Mention spéciale / Besondere Auszeichnung 2019
Aline BOUVY Luxembourg
Villa Vauban
Aline Bouvy aime la matière, sa mise en forme et sa mise en difformité. Elle nourrit un penchant pour l’esthétique grotesque qui, selon l’historien de la littérature Rémi Astruc, « pourrait se ramener à la mise en œuvre d’un ou plusieurs de ces motifs : redoublement, hybridité, métamorphose1 ». En ce qui concerne la mise en forme de la matière, on pense aux pieds géants qu’elle a conçus pour l’exposition Bastinado à la galerie Baronian Xippas à Bruxelles en 2018. Une mise en forme pourtant pas si conforme. Car de ceux qui se disent être des colosses n’étaient visibles que les pieds… d’« argile ». Leur fragilité invisible contrastait avec leur absurde démesure. Les canons (hier de la statuaire grecque) qui perdurent pourront-ils un jour s’émanciper ? Quant à la mise en difformité de la matière, elle était très présente lors de l’exposition Late Dawn en 2018 dans l’espace MÉLANGE à Cologne, dans les formes pétries et noircies au charbon (dont l’artiste soulignait elle-même la ressemblance avec des anus) et les sculptures en Jesmonite déformées, pliées, de guichets automatiques : une critique non voilée du système de « valeurs » capitaliste.
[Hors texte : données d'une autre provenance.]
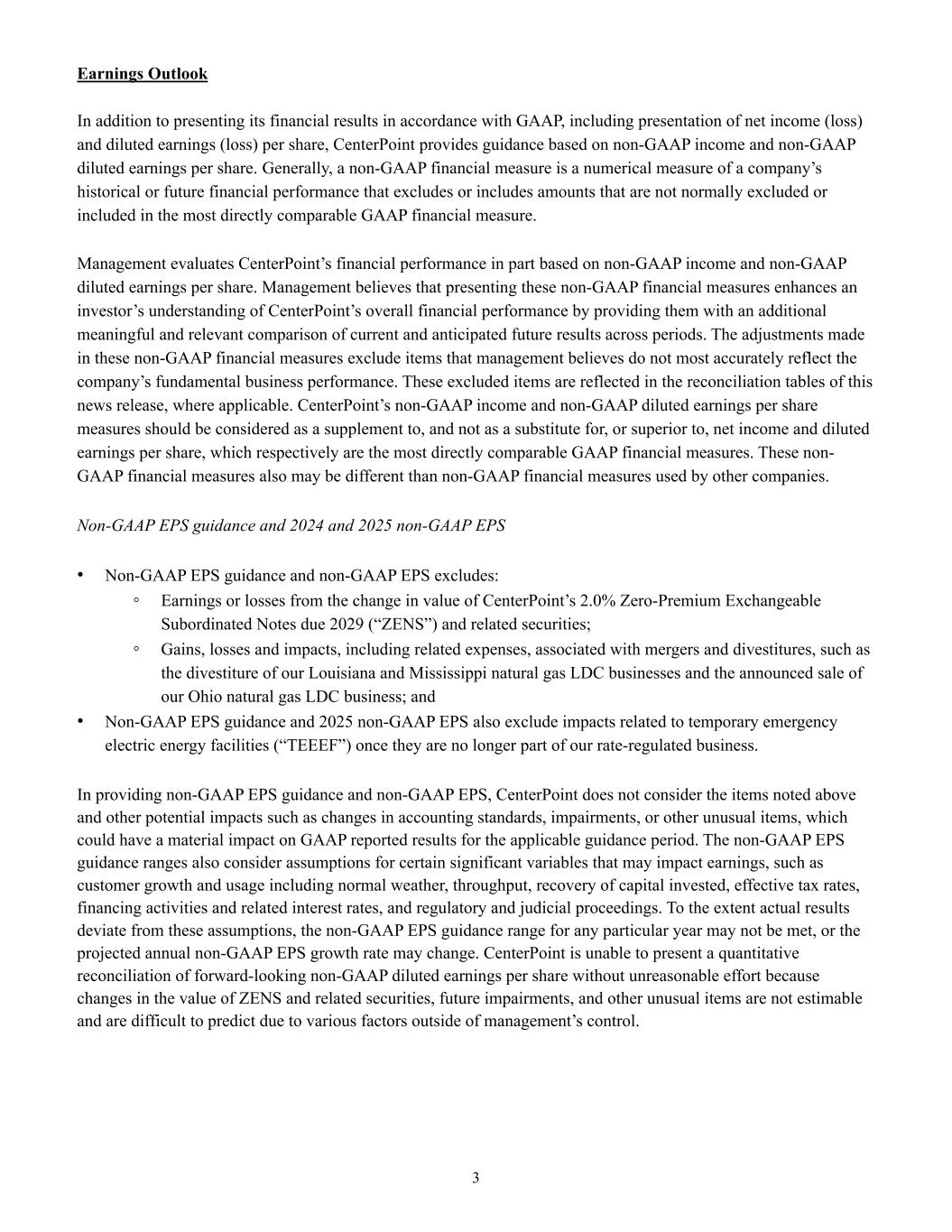 3 Earnings Outlook In addition to presenting its financial results in accordance with GAAP, including presentation of net income (loss) and diluted earnings (loss) per share, CenterPoint provides guidance based on non-GAAP income and non-GAAP diluted earnings per share. Generally, a non-GAAP financial measure is a numerical measure of a company’s historical or future financial performance that excludes or includes amounts that are not normally excluded or included in the most directly comparable GAAP financial measure. Management evaluates CenterPoint’s financial performance in part based on non-GAAP income and non-GAAP diluted earnings per share. Management believes that presenting these non-GAAP financial measures enhances an investor’s understanding of CenterPoint’s overall financial performance by providing them with an additional meaningful and relevant comparison of current and anticipated future results across periods. The adjustments made in these non-GAAP financial measures exclude items that management believes do not most accurately reflect the company’s fundamental business performance. These excluded items are reflected in the reconciliation tables of this news release, where applicable. CenterPoint’s non-GAAP income and non-GAAP diluted earnings per share measures should be considered as a supplement to, and not as a substitute for, or superior to, net income and diluted earnings per share, which respectively are the most directly comparable GAAP financial measures. These non- GAAP financial measures also may be different than non-GAAP financial measures used by other companies. Non-GAAP EPS guidance and 2024 and 2025 non-GAAP EPS • Non-GAAP EPS guidance and non-GAAP EPS excludes: ◦ Earnings or losses from the change in value of CenterPoint’s 2.0% Zero-Premium Exchangeable Subordinated Notes due 2029 (“ZENS”) and related securities; ◦ Gains, losses and impacts, including related expenses, associated with mergers and divestitures, such as the divestiture of our Louisiana and Mississippi natural gas LDC businesses and the announced sale of our Ohio natural gas LDC business; and • Non-GAAP EPS guidance and 2025 non-GAAP EPS also exclude impacts related to temporary emergency electric energy facilities (“TEEEF”) once they are no longer part of our rate-regulated business. In providing non-GAAP EPS guidance and non-GAAP EPS, CenterPoint does not consider the items noted above and other potential impacts such as changes in accounting standards, impairments, or other unusual items, which could have a material impact on GAAP reported results for the applicable guidance period. The non-GAAP EPS guidance ranges also consider assumptions for certain significant variables that may impact earnings, such as customer growth and usage including normal weather, throughput, recovery of capital invested, effective tax rates, financing activities and related interest rates, and regulatory and judicial proceedings. To the extent actual results deviate from these assumptions, the non-GAAP EPS guidance range for any particular year may not be met, or the projected annual non-GAAP EPS growth rate may change. CenterPoint is unable to present a quantitative reconciliation of forward-looking non-GAAP diluted earnings per share without unreasonable effort because changes in the value of ZENS and related securities, future impairments, and other unusual items are not estimable and are difficult to predict due to various factors outside of management’s control.

Sous les angles du kitsch et de l'incongruité, le travail de l'artiste met en scène un éventail de figures et signes, plus ou moins indécents, passant hardiment du désir à la répulsion2. C'est précisément à cela que s'intéresse son intervention dans le cadre du Prix d'Art Robert Schuman, puisqu'elle défie l'architecture du lieu d'exposition dans un acte d'insoumission et l'embrasse dans celui d'une émancipation évocatrice et transgressive.